— WORK TO BE COMPLETED —
The reply to the records below should contain exactly the lines from the line with "比赛开始,来自郫都、宜宾两个" through the line with "Signed and dated", and nothing besides.

— LISTED RECORDS —
━━━━━━━━━━━━━━━━

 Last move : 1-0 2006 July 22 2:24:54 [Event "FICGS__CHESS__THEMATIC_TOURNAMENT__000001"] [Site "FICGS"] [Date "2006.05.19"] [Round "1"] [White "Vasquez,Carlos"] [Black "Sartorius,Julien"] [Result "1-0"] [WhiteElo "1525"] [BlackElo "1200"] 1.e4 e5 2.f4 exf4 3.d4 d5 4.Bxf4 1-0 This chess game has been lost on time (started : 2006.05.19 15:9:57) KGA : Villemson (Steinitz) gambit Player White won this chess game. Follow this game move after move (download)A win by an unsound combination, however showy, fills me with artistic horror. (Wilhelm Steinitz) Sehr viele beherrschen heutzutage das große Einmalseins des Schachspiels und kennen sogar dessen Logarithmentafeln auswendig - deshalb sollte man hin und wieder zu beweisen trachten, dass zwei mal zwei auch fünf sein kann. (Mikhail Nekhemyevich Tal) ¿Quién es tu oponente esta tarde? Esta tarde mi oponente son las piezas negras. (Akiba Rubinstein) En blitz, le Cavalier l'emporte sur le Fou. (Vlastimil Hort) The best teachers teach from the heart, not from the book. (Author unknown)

━━━━━━━━━━━━━━━━

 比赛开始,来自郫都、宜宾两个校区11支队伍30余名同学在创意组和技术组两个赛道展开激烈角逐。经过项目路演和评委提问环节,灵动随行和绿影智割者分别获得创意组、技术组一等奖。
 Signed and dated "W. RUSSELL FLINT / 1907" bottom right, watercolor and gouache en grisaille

━━━━━━━━━━━━━━━━

— EXERCISE ANSWER —
 比赛开始,来自郫都、宜宾两个校区11支队伍30余名同学在创意组和技术组两个赛道展开激烈角逐。经过项目路演和评委提问环节,灵动随行和绿影智割者分别获得创意组、技术组一等奖。
 Signed and dated "W. RUSSELL FLINT / 1907" bottom right, watercolor and gouache en grisaille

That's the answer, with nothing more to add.